Я помню, на меня напала злоба, неизвестно почему. Я крикнул:
— Оставьте меня в покое! Я никого не трогаю! Я гоню пот, убиваю людей, чтоб их силой дополнить тепловую энергию и их жизнью нагонять вольты! Я — честный инженер. Оставьте меня, к черту нравоучения! — К черту вас, Лебедуха, с вашими революциями, если после революций останутся машины!.. Пришлите ко мне вашего отца!
Тогда все пошло в туман, в этом тумане — последнее, что я помню — это то, что коллеги на меня не рассердились, Форст взял меня за руки…
Я очнулся дома, был вечер, тишина, мрак. Я протянул руку к столику, чтобы взять папиросу, папирос на обычном месте не было. Я повернул выключатель, и — вместе со светом — вошел в комнату Козауров.
Он сказал нетрезво:
— Простите, я не мог вчера прийти, то есть был выпимши. Вы меня звали, Андрей Юрьевич. По какому делу?..»
(Смотри примечанья и главы — о машинах, о Марье, о пучине во хребте и о хребте во пучине, о волках и вольчей сыти —).
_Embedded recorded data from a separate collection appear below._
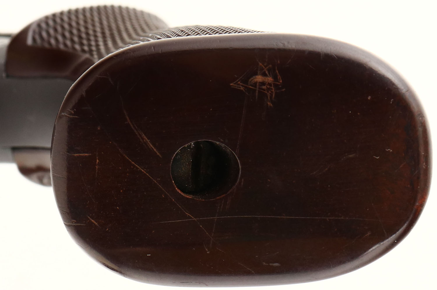 Hi Standard Model Sentinel R-101, marked .22 CAL, MFG: 1940, SN: 674131, Double Action Revolver, 6'' barrel. The checkered, brown plastic grips are excellent. The metal blue finish rates 95% on barrel, while the frame has 70% coverage, with areas of wear causing dullness . Bore is excellent. Factory sights. Action & cylinder timing function correctly. Comes with a fantastic tooled George Lawrence leather holster marked 25B, 5 1/2. FFL or C&R Req. - Value: 200 to 400
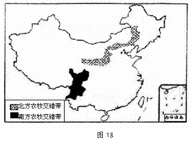 读我国南北方农牧业交错地带图,(图18)判断38-39题
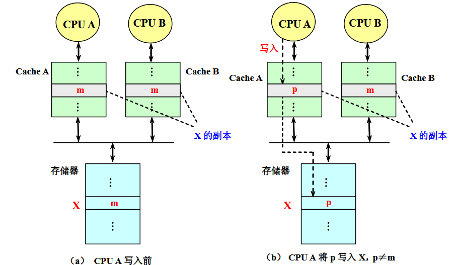 共享数据进入Cache产生了一个新的问题:Cache的一致性问题。
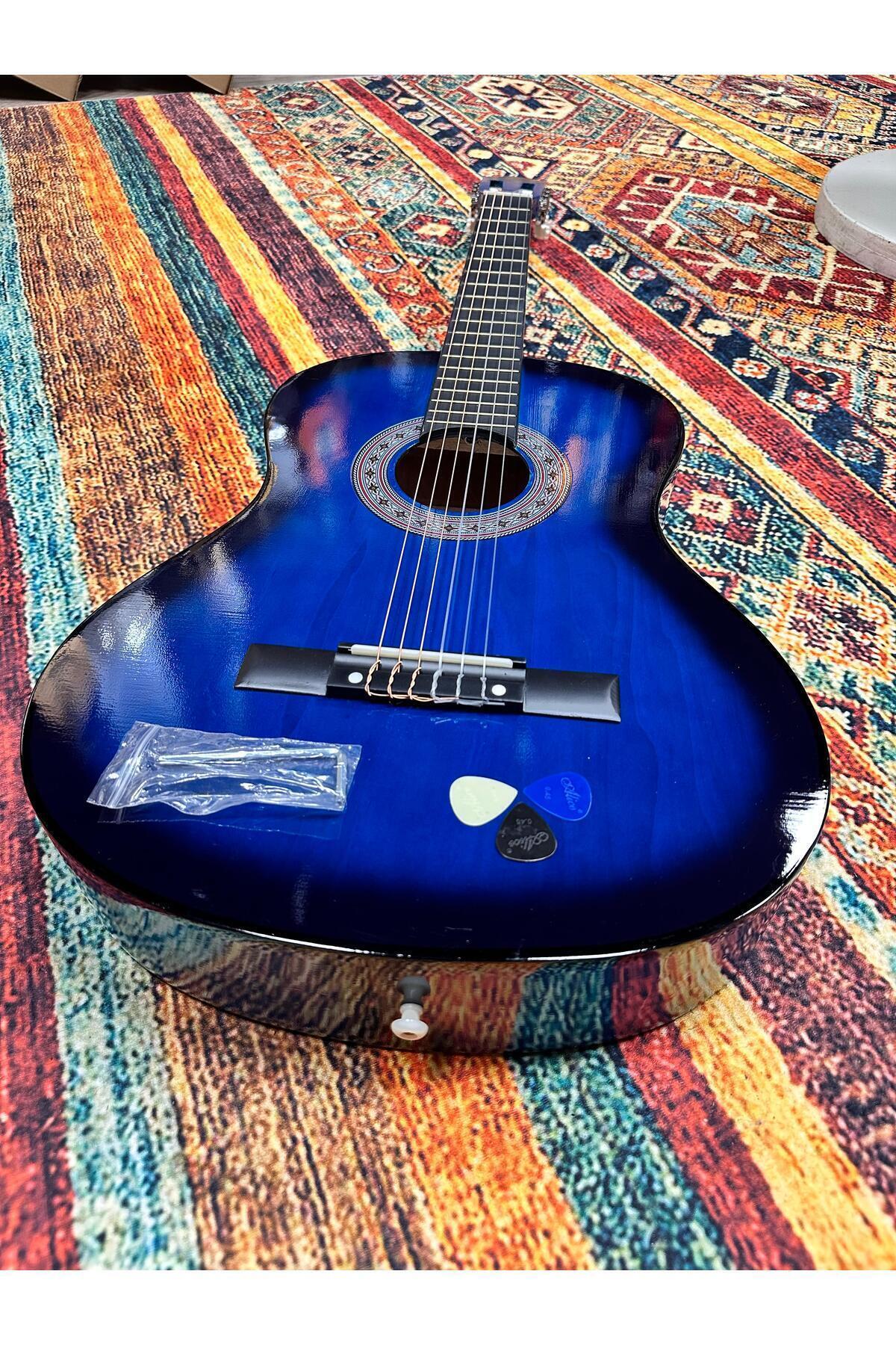 Sap Ayarlı 4/4 Tam Boy Mavi Klasik Gitar Seti(KILIF-PENA DAHİL)
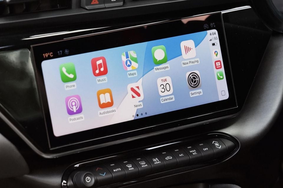 The screen also sits quite low on the dashboard, which means you have to look down from the road ahead to see it. Navigating the system’s native menus can also be confusing, as button shortcuts for the home screen and vehicle settings are initially not visible.
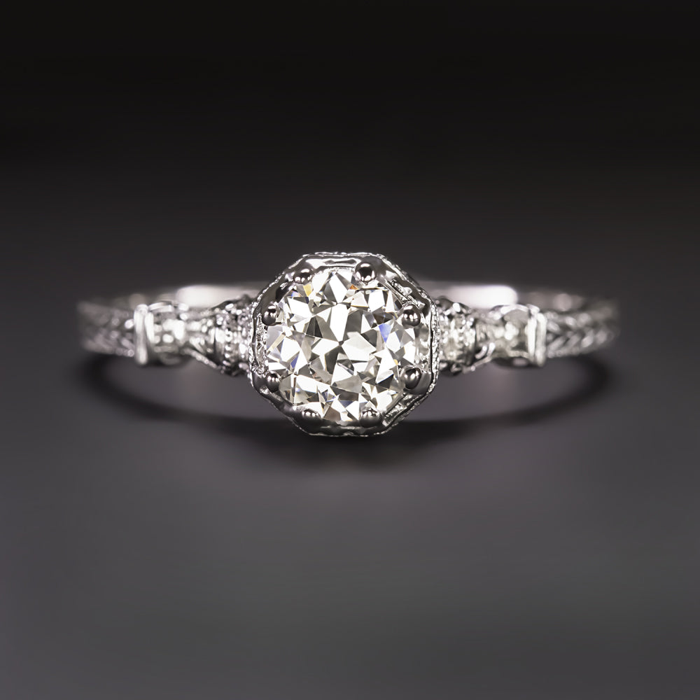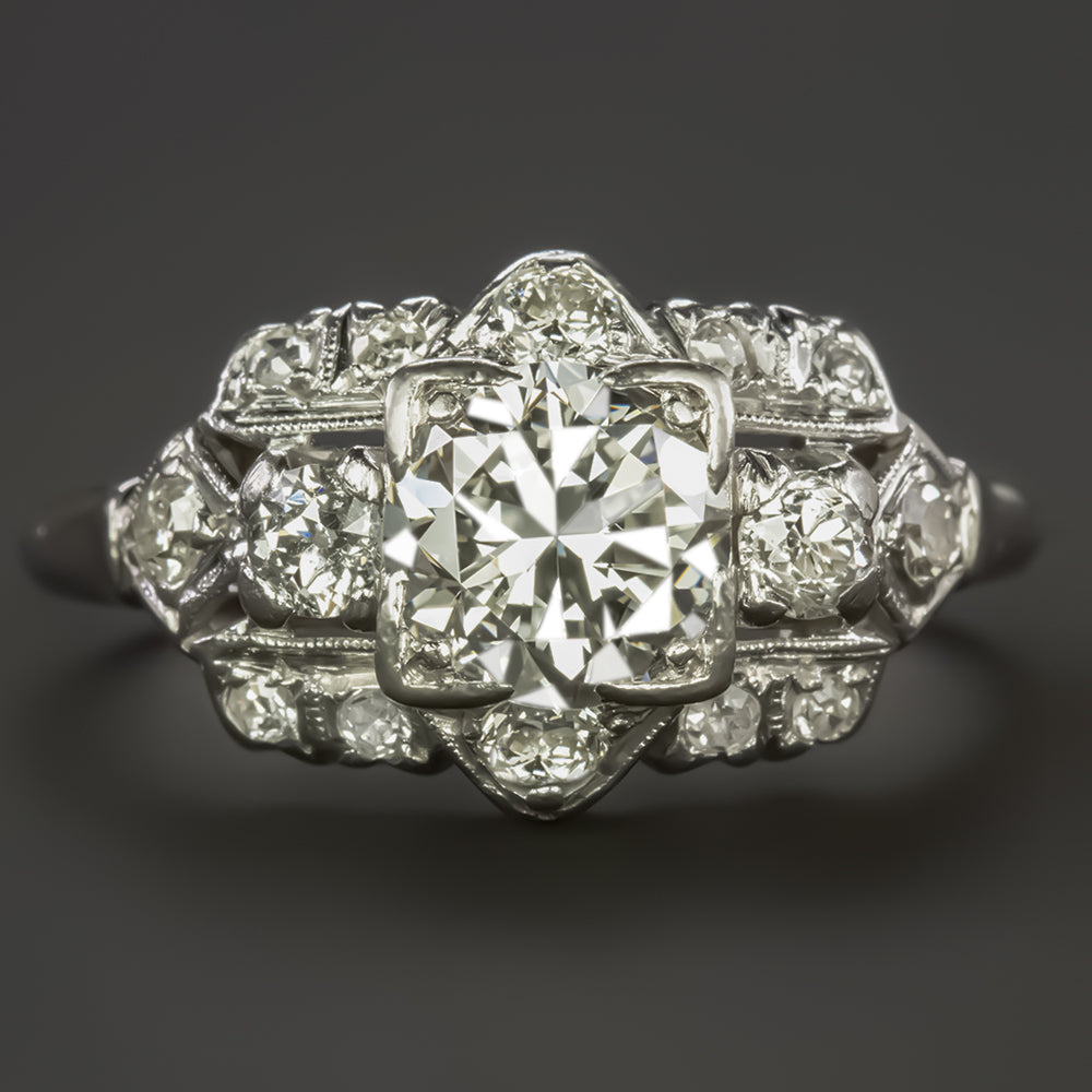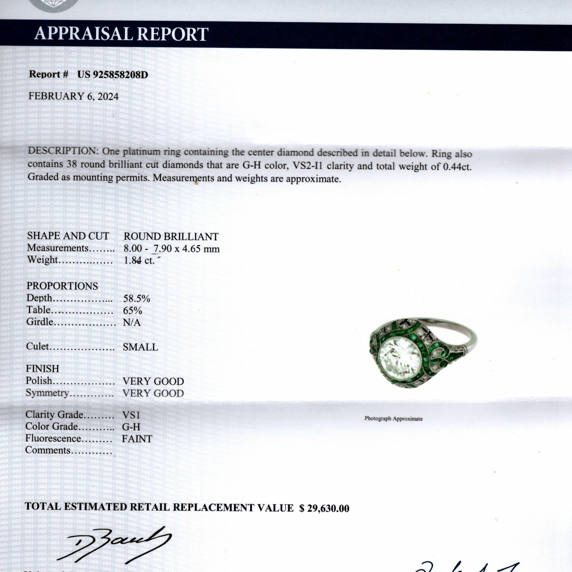 This is an original vintage ring from the Art Deco period that has a very high quality old mine cut diamond in the center. The diamond is accented with lovely green baguettes and vintage diamonds. I love the green side stones as it really sets this ring apart! Its a true one of a kind.
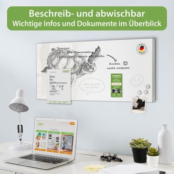FUNKTION: Die banjado Magnettafel 78x37 cm im Design Motiv Schildkröte 2 vereint Funktionalität und modernes Wohndesign auf stilvolle Weise. Diese hochwertige Magnetwand aus Metall hilft Ihnen dabei, Notizen, Fotos, Termine, Einkaufslisten oder Rezepte übersichtlich zu organisieren. Als praktisches Memoboard sorgt sie für Struktur im Alltag und setzt gleichzeitig einen dekorativen Akzent an Ihrer Wand. DESIGN: Die Metalltafel besteht aus robustem, lackiertem Stahl und ist mit allen handelsüblichen Magneten nutzbar. Besonders praktisch ist die beschreibbare Oberfläche. Sie können die Magnettafel ganz einfach mit Kreidestiften beschriften und die Inhalte bei Bedarf mit einem feuchten Tuch wieder entfernen. So eignet sich das Memoboard ideal für Wochenpläne, Menüpläne, To Do Listen oder kreative Botschaften. DETAILS: Mit ihrem großzügigen Querformat von 78x37 cm bietet die Magnettafel ausreichend Platz für Ihre Organisation. Das Motiv Motiv Schildkröte 2 bringt eine warme, natürliche Optik in Küche, Flur, Büro oder Homeoffice und wirkt auch ohne Magnete oder Beschriftung wie ein modernes Wandbild. NUTZEN: Auf der Rückseite befinden sich vorgefertigte Löcher für eine schnelle und unkomplizierte Wandmontage. Jede banjado Magnettafel wird in Deutschland gefertigt und steht für Qualität, Langlebigkeit und liebevolle Verarbeitung. Dieses beschreibbare Memoboard ist die perfekte Kombination aus Metalltafel, Designobjekt und praktischer Magnetwand für Ihren Alltag. BANJADO: Wir sind ein kleines Team aus dem Herzen von Sachsen. Wir fertigen alle Artikel von Hand für Sie an, Sie erhalten keine preiswerte Importware. Auf Wunsch können Sie auch Ihr eigenes Foto auf die Magnettafel aufbringen, schreiben Sie uns an. Herzlichst, Ihr banjado-Team
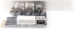 To eksterne porte muliggør øjeblikkelig tilslutning af periferiudstyr, mens den interne port kan føres til frontpanelet eller bruges til interne FireWire-enheder. Et integreret 4-pin strømstik leverer ekstra effekt til portene for strømhungrende periferiudstyr.
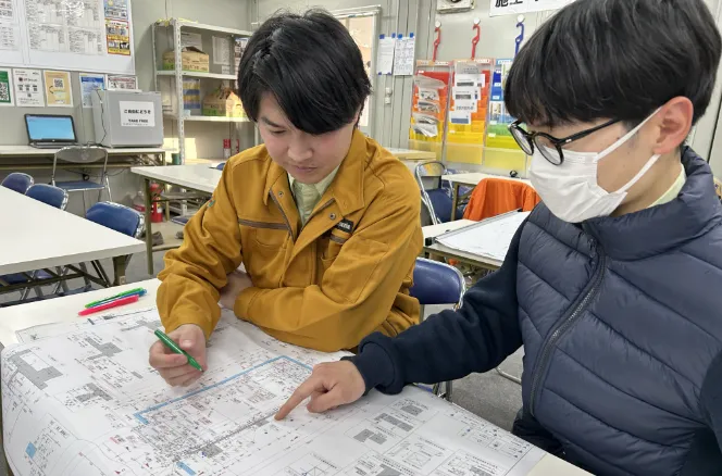 現場では細かな配置調整や納まりの検討を行い、提案に対して法令や機能面から判断・対応します。施工中の学びを設計に生かし、竣工まで一体となって建物を完成させます。
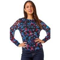 Mesh Printed Stretch Top from Roman. Add a touch of glamour to your wardrobe with this mesh print top, perfect for the Autumn/Winter season. The round neck and long jersey cuffed sleeves create a stylish look, while the hip length and ruching at the side seams add flattering details. The all over mesh print combined with a printed jersey body makes for a unique and eye catching piece. Pair with tailored trousers and heeled boots for a chic and sophisticated ensemble! | Roman Women's Mesh Printed Stretch Top in Red | Size: 20 - Manufacturers part number: Roman_5063566003446
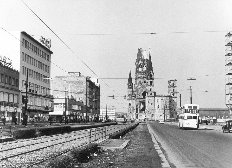Blick von der Tauentzienstrasse auf die Ruine der Gedächtniskirche
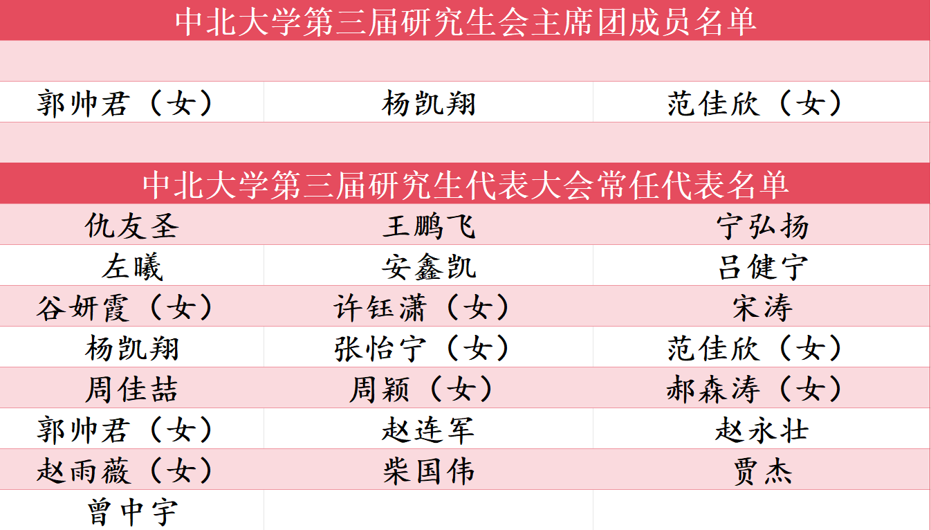 中北大学第三次研究生代表大会的召开,是我校研究生工作承前启后、继往开来的重要节点。在新的征程中,校研究生会及各常任代表必将继续与广大师生一道,不忘初心,牢记使命,与祖国共成长,与人民同奋进,与学校共前行,助力中北大学奋进双一流,将美好青春绽放在中华民族伟大复兴的壮阔征途中。

…Эти места имели все, чтобы не быть той поэзией, которую столетьями считали подлинной… — —
Что такое — машина? и кто такой — пролетарий?.. Конечно, машина — метафизика, и, конечно, машина больше Бога, строит мир. Но весь мир на крови: и что кровь машины? — и кто такой пролетарий? — В Египте, в Ассирии, Вавилоне — откуда пошли, дошли до наших дней, затерялись в веках, — звездочеты, астрологи, маги, монахи, волхвы, алхимики, масоны, запутав историю человечества метафизикой — запутав столетья, запутавшиеся в столетьях, — они вели мир, — у Бога был двор, и у каждого двора были сотни божьих служителей, — конечно, не назовешь божий двор заводом и сотню причетников — рабочими, — но Бог, стоящий в святилище, уходил от реальностей в вещь в себе, в нереальность, в мистику. — Ну, вот, — весь мир на крови — и: что кровь машины? — Надо пройти на завод через заводские ворота. Ты отрезан от мира забором. Завод черен, завод в копоти, завод в саже, завод дымит небу. Ночью блестит завод сотнями электрических светов. Поле, цветы, небо, песни, пахарь — позади. Стоят корпуса, стоят цеха. Дым, копоть и визг железа. Но вот где-то, в турбинной, где динамо (на каждый десяток один — масленщик — гибнет, волей своей бросаясь в маховик, вращеньем своим манящий, гипнотизирующий, обезволивающий в смерть, как взгляд удава), — человек — инженер — поворачивает рычаг, и весь завод дрожит, дышит и живет: от маленького гвоздя в шкиве до дизельного карбюратора — одно, одна машина, одна воля. Конечно — метафизика, конечно — мистика, — где поп — инженер, а рабочие — служки у Бога. И тот, кто поймет оторванность от цветов и полей, и пахаря, кто почует сиротство свое перед стихией машины, им же пущенной, и победит это сиротство, и поборет волю в смерть под маховиком, кто — растворив, претворит это в себе, — тот — пролетарий! Этот, принесший в мир машину, которая стала сильнее его воли, — черный, в копоти, в масле, — если будет знать о звездочетах и алхимиках, поймет, — что он их брат, ибо у машины, как у Бога, нет крови. Этот — своей алхимией — сместил алхимика и так же затеряется в веках, как дьяконы Астарты, которые в святом святых подкрашивали Бога, — затеряется своей метафизикой. Их немного, этих причетников машины, они — коммунисты, они пролетарии. И еще: те у Бога должны были томиться в лености и леностью искать забвенья в звездах — эти у машины должны трудиться, им не до звезд, — миры звезд они победят машиной . . . . . . . . . .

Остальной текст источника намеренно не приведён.